==== Stored data ====
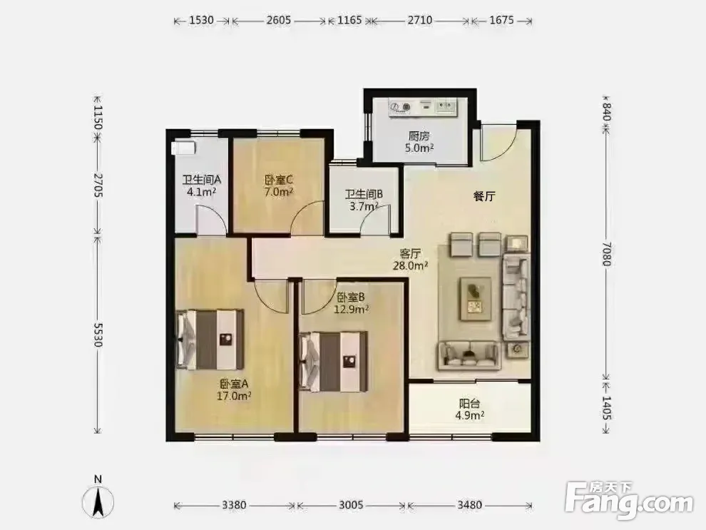 户型齐全,主打户型方正,明厨,明卫,客厅朝南,全明格局三居
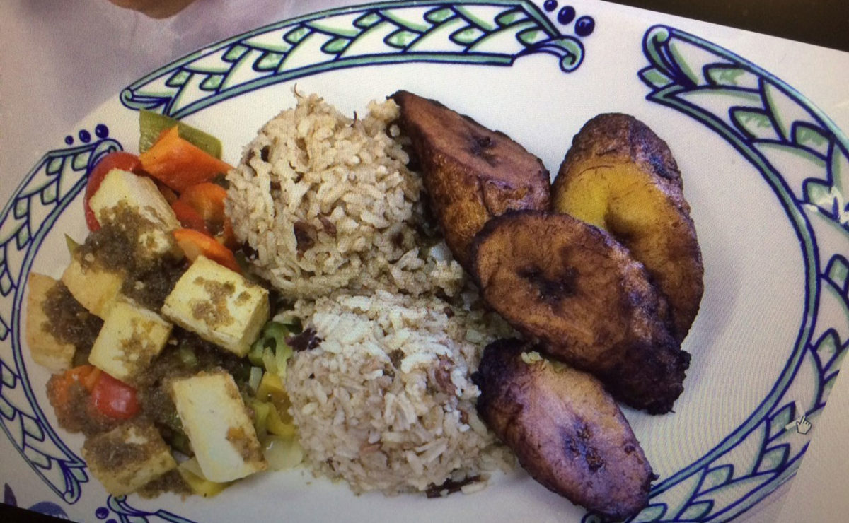 Coconut Rice, Plantains with sweet, Red Bell Pepper
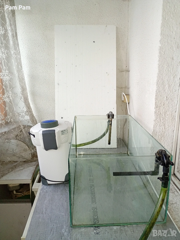 Аквариум 80-90литров с външна помпа, няколко е месеца използвана. Цена по договаряне. Не отговарям на съобщения, моля позвънете на посочения номер
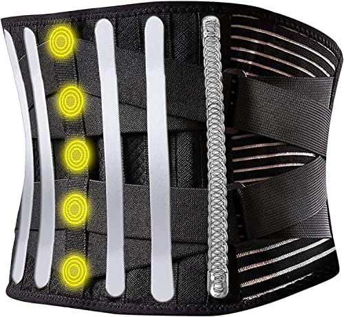 AOGOE Ryggstödsbälte med 5 Metallstöd, Ryggstöd Svankbälte för Män och Kvinnor med Avtagbar 3D Ländryggsdyna för Nedre Rygg och Ländrygg, Ryggbälte för Arbete och Sport (L)
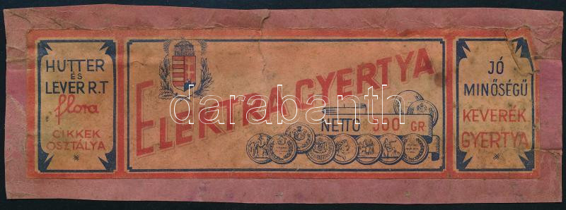 Leírás: cca 1930 Hutter és Lever R.T. flora Elekragyertya árucímke; m: 5x17cm; középen 1,5cm beszakadás
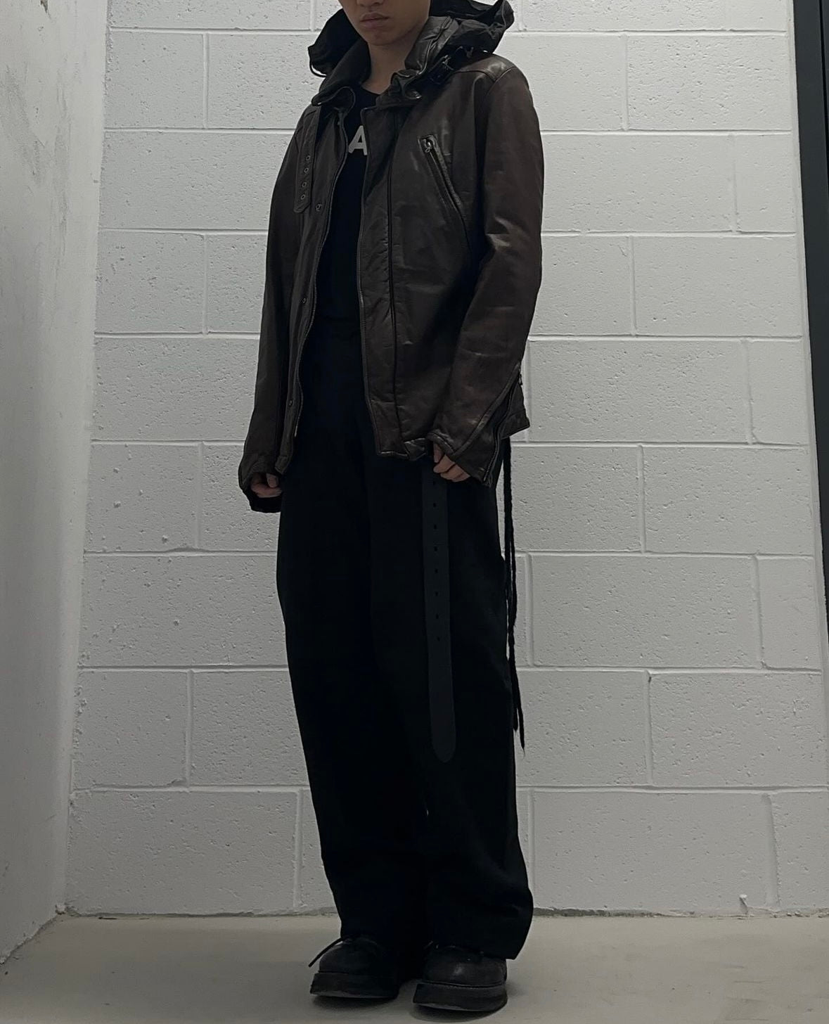 Kyoji Maruyama, a distinguished vintage Japanese fashion designer, seamlessly blends traditional aesthetics with contemporary trends. Renowned for meticulous craftsmanship and avant-garde designs, the brand embodies a harmonious fusion of past and present. Drawing inspiration from cultural motifs and historical styles, Kyoji Maruyama creates timeless pieces that evoke a sense of nostalgia while embracing modern sensibilities. With a dedicated following, the label stands as a testament to the enduring allure of Japanese fashion, showcasing the artistry of Kyoji Maruyama and its commitment to preserving and evolving sartorial traditions. The showcased piece was from Kyoji Maruyama’s early 2000s era, dated around Autumn/Winter 2008. The jacket is crafted with high quality cowhide leather, equipped with a hidden leather trimmed hood at neck, feature multiple two-way zippers at front for pockets accessible, resembling the classic Margiela’s five zippers leather jacket silhouette.
====
Exactly the lines from the top of the listing through the line holding "Leírás: cca 1930" should be repeated, with pictures left out.

▸ **Solution to this exercise**:
 户型齐全,主打户型方正,明厨,明卫,客厅朝南,全明格局三居
 Coconut Rice, Plantains with sweet, Red Bell Pepper
 Аквариум 80-90литров с външна помпа, няколко е месеца използвана. Цена по договаряне. Не отговарям на съобщения, моля позвънете на посочения номер
 AOGOE Ryggstödsbälte med 5 Metallstöd, Ryggstöd Svankbälte för Män och Kvinnor med Avtagbar 3D Ländryggsdyna för Nedre Rygg och Ländrygg, Ryggbälte för Arbete och Sport (L)
 Leírás: cca 1930 Hutter és Lever R.T. flora Elekragyertya árucímke; m: 5x17cm; középen 1,5cm beszakadás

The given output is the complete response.